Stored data
━━━━━━━━━━━━━━━━━━━━

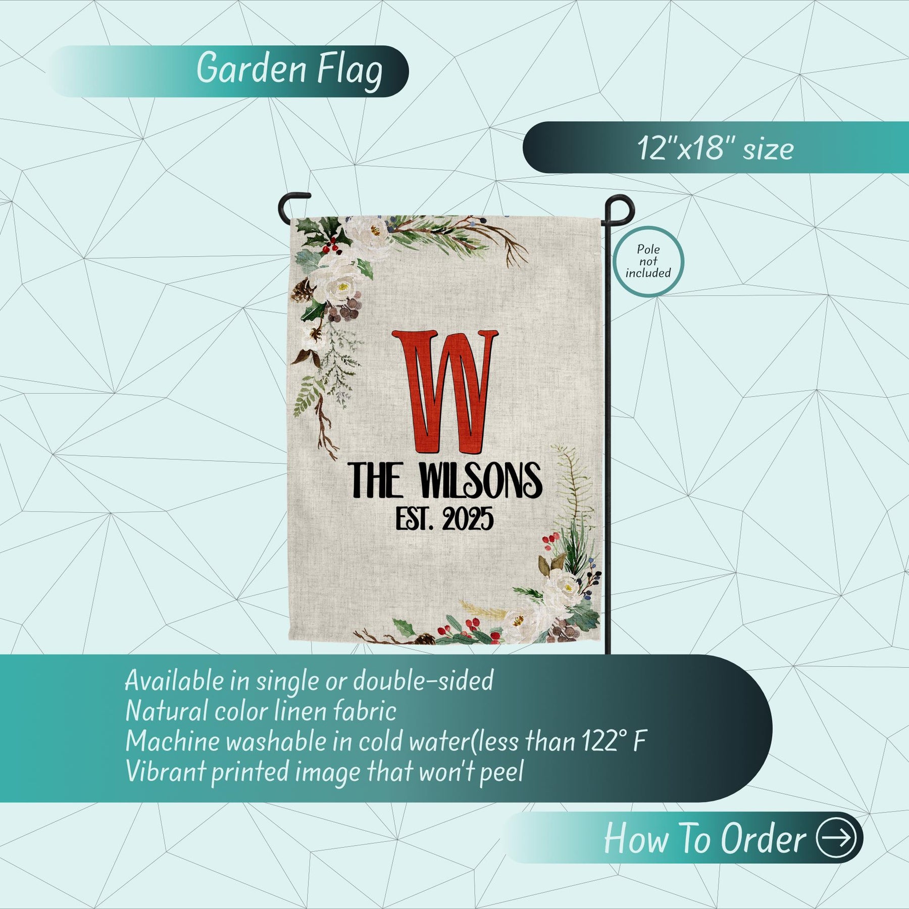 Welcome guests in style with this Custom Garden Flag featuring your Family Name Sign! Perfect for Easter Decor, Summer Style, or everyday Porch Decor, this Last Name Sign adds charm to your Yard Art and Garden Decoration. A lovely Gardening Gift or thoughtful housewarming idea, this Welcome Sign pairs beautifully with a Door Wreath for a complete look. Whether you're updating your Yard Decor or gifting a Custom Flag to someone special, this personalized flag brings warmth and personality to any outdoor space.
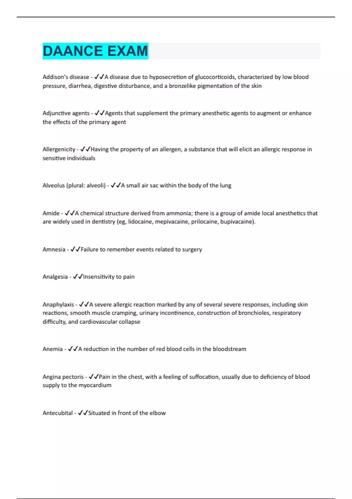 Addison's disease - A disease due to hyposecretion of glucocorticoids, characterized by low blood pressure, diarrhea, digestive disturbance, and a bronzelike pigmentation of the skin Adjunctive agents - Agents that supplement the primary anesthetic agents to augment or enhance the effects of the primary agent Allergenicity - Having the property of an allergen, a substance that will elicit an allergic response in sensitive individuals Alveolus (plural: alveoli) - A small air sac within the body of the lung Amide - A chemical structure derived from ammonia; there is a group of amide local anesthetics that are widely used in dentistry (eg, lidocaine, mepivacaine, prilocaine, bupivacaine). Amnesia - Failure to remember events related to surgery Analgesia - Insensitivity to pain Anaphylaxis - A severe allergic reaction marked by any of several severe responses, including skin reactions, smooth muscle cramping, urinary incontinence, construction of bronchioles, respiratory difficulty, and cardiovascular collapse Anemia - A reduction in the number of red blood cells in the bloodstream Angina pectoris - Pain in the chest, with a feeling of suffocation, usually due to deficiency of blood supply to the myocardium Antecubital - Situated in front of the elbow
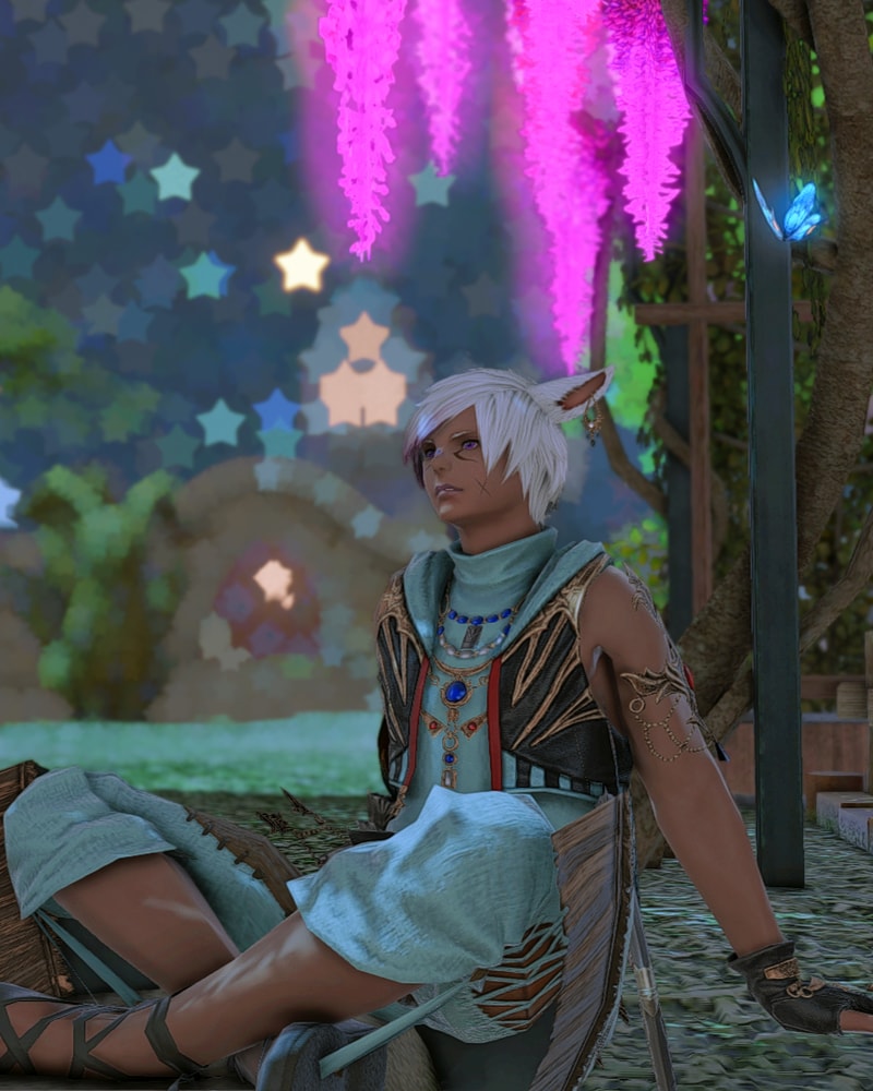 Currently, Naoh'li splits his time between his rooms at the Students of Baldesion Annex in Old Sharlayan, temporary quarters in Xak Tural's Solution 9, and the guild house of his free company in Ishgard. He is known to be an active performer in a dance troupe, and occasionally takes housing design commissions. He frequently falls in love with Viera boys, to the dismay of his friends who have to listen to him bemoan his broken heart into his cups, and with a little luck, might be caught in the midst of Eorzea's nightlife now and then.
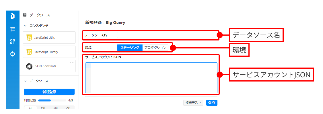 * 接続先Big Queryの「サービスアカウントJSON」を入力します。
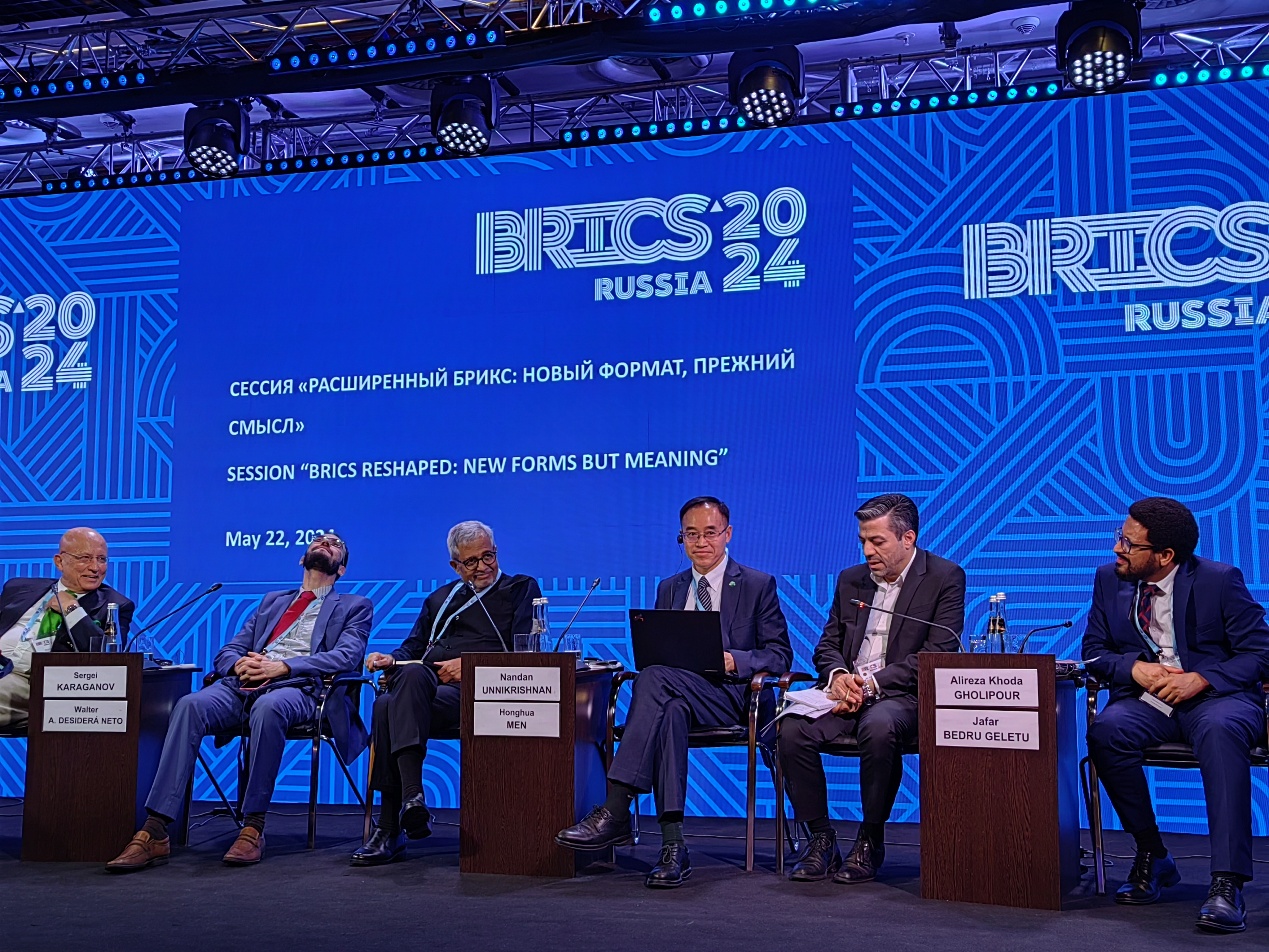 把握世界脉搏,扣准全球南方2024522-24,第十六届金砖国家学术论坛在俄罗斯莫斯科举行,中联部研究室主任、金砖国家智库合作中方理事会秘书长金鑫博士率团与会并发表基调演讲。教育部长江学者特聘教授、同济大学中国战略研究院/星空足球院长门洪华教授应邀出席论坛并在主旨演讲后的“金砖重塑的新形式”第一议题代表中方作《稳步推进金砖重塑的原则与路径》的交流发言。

━━━━━━━━━━━━━━━━━━━━

Repeat every record above exactly, except the pictures.

# [RESULT BELOW]
 Welcome guests in style with this Custom Garden Flag featuring your Family Name Sign! Perfect for Easter Decor, Summer Style, or everyday Porch Decor, this Last Name Sign adds charm to your Yard Art and Garden Decoration. A lovely Gardening Gift or thoughtful housewarming idea, this Welcome Sign pairs beautifully with a Door Wreath for a complete look. Whether you're updating your Yard Decor or gifting a Custom Flag to someone special, this personalized flag brings warmth and personality to any outdoor space.
 Addison's disease - A disease due to hyposecretion of glucocorticoids, characterized by low blood pressure, diarrhea, digestive disturbance, and a bronzelike pigmentation of the skin Adjunctive agents - Agents that supplement the primary anesthetic agents to augment or enhance the effects of the primary agent Allergenicity - Having the property of an allergen, a substance that will elicit an allergic response in sensitive individuals Alveolus (plural: alveoli) - A small air sac within the body of the lung Amide - A chemical structure derived from ammonia; there is a group of amide local anesthetics that are widely used in dentistry (eg, lidocaine, mepivacaine, prilocaine, bupivacaine). Amnesia - Failure to remember events related to surgery Analgesia - Insensitivity to pain Anaphylaxis - A severe allergic reaction marked by any of several severe responses, including skin reactions, smooth muscle cramping, urinary incontinence, construction of bronchioles, respiratory difficulty, and cardiovascular collapse Anemia - A reduction in the number of red blood cells in the bloodstream Angina pectoris - Pain in the chest, with a feeling of suffocation, usually due to deficiency of blood supply to the myocardium Antecubital - Situated in front of the elbow
 Currently, Naoh'li splits his time between his rooms at the Students of Baldesion Annex in Old Sharlayan, temporary quarters in Xak Tural's Solution 9, and the guild house of his free company in Ishgard. He is known to be an active performer in a dance troupe, and occasionally takes housing design commissions. He frequently falls in love with Viera boys, to the dismay of his friends who have to listen to him bemoan his broken heart into his cups, and with a little luck, might be caught in the midst of Eorzea's nightlife now and then.
 * 接続先Big Queryの「サービスアカウントJSON」を入力します。
 把握世界脉搏,扣准全球南方2024522-24,第十六届金砖国家学术论坛在俄罗斯莫斯科举行,中联部研究室主任、金砖国家智库合作中方理事会秘书长金鑫博士率团与会并发表基调演讲。教育部长江学者特聘教授、同济大学中国战略研究院/星空足球院长门洪华教授应邀出席论坛并在主旨演讲后的“金砖重塑的新形式”第一议题代表中方作《稳步推进金砖重塑的原则与路径》的交流发言。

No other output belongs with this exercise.